# Books not syncing to Fire from Kindles!



## Toby (Nov 25, 2008)

My books stopped syncing from my kindle to my Fire. What should I do?


----------



## Vicki G. (Feb 18, 2010)

My Amazon WiFi problems of last night were gone this morning.  Check to make sure you're "connected" on both devices.  

Grrrrrrrrrrrr.  Gotta HATE electronic gadgets when they don't behave properly!


----------



## Ann in Arlington (Oct 27, 2008)

Be sure wireless is on and you're connected on each device. Do a sync on each device. Then do the first one again.
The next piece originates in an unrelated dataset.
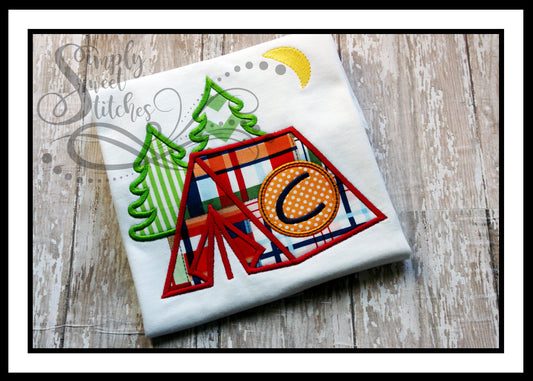 1026 - CAMPING TENT WITH INTITIALS - APPLIQUE CHILD SHIRT

If the books still aren't synced on the Fire, try the steps in this FAQ post: 
http://www.kboards.com/index.php/topic,91485.msg1527766.html#msg1527766

You may lose your font and style settings but it triggers the Fire to go back and re-retrieve everything . . . almost like it was brand new but without wiping the whole thing.


----------



## Toby (Nov 25, 2008)

Thanks For the help, Ann. I always keep the wifi on the newest kindles & the Fire. I always click on the sync icon on the Fire, but i don't always click on the check & sync button on the newer kindles, because usually it syncs right up to the correct page. I am going to try syncing on my kindle & then check the Fire right after. See if that works. Hopefully, that will work, so I don't have to do your other suggestion.


----------



## sadievan (Dec 21, 2010)

Toby said:


> My books stopped syncing from my kindle to my Fire. What should I do?


Are these books you bought from Amazon or books you mailed as personal docs?

Carol


----------



## Toby (Nov 25, 2008)

Yes, it's been a bad computer week. Now that I fixed the urgent stuff, I will concentrate more on the book syncing. So far, I have not fixed this problem. I will keep trying different things.


----------



## Toby (Nov 25, 2008)

I fixed this. Syncing back & forth did not work. I then rebooted the Fire. It worked! Hurray!


----------